The foregoing description of the Employment Agreement is qualified in its entirety by the terms of the Employment Agreement, which is filed as Exhibit 10.1 to this Form 8-K and is incorporated herein by reference.

RESIGNATION OF GARY I. "SIMS" SCHNEIDERMAN AND PETER E. HOLMBERG

Effective May 21, 2007, Gary I. "Sims" Schneiderman resigned from his position as President of the Company. Also effective May 21, 2007, Peter E. Holmberg resigned from his position as Executive Vice President of Green Grass Sales and Merchandising. Messrs. Sims and Holmberg left the Company to pursue other interests.

On May 25, 2007, the Company entered into a severance and release agreement with Mr. Sims (the "Sims Severance Agreement") which provides for a modification of prior employment agreements and arrangements with Mr. Sims. Under the Sims Severance Agreement, Mr. Sims is entitled to the continuation of bi-weekly payments of his base salary, automobile allowance and club dues for nine (9) months, the continuation of his employee insurance benefits for twelve (12) months and a waiver of the requirement for Mr. Sims to reimburse the Company for the cost of the club membership of $45,000 and has agreed to provide a customary release of all claims against the Company.
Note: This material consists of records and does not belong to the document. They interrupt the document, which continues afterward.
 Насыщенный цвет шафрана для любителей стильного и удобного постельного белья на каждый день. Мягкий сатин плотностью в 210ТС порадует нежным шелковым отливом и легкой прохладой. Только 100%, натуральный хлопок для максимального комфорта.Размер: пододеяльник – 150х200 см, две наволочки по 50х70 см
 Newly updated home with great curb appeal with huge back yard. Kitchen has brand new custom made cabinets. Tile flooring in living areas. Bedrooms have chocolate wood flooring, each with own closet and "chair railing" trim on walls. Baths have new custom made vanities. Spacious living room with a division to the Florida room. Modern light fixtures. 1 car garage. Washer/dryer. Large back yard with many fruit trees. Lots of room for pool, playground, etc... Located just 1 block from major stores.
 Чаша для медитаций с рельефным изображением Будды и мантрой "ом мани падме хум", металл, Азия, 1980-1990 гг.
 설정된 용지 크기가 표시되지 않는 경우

Mr. Sims is also entitled to acceleration of 20,000 outstanding stock options that were not yet vested, which are deemed vested as of May 21, 2007.
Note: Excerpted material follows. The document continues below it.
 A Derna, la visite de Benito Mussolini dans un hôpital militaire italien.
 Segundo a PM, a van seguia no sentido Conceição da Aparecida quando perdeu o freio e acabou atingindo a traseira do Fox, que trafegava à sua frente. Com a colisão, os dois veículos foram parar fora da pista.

The foregoing description of the Sims Severance Agreement is qualified in its entirety by the terms of the Sims Severance Agreement, which is filed as Exhibit 10.2 to this Form 8-K and is incorporated herein by reference.

Also on May 25, 2007, the Company entered into a severance and release agreement with Mr. Holmberg (the "Holmberg Severance Agreement") which provides for a modification of prior employment agreements and arrangements with Mr. Holmberg. Under the Holmberg Severance Agreement, Mr. Holmberg is entitled to a lump sum severance payment of $112,500 and an automobile allowance of $6,000 and has agreed to provide a customary release of all claims against the Company.
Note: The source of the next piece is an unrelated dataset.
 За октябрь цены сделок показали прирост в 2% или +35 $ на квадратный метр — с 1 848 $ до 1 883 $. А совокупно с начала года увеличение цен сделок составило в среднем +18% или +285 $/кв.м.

The foregoing description of the Holmberg Severance Agreement is qualified in its entirety by the terms of the Holmberg Severance Agreement, which is filed as Exhibit 10.3 to this Form 8-K and is incorporated herein by reference.





Item 9.01 Financial Statements and Exhibits.

Ex. 10.1 Employment Letter between Edward J. Fadel and the Company, dated May 23, 2007.

Ex. 10.2 Severance and Release Agreement between Gary I. ("Sims") Schneiderman and the Company, dated May 25, 2007.

Ex. 10.3 Severance and Release Agreement between Peter E. Holmberg and the Company, dated May 25, 2007.

Ex. 99.1 Press release issued by the Company on May 23, 2007 announcing the appointment of Edward J. Fadel as President.






SIGNATURES

Pursuant to the requirements of the Securities Exchange Act of 1934, the registrant has duly caused this report to be signed on its behalf by the undersigned hereunto duly authorized.

         
    Ashworth, Inc.
          
May 25, 2007   By:   Eric R. Hohl
       
        Name: Eric R. Hohl
        Title: Chief Financial Officer


Exhibit Index


     
Exhibit No.   Description

 
10.1
  Employment Letter between Edward J. Fadel and the Company, dated May 23, 2007.
10.1
  Severance and Release Agreement between Gary I. (“Sims”) Schneiderman and the Company, dated May 25, 2007.
10.3
  Severance and Release Agreement between Peter E. Holmberg and the Company, dated May 25, 2007.
99.1
  Press release issued by the Company on May 23, 2007 announcing the appointment of Edward J. Fadel as President.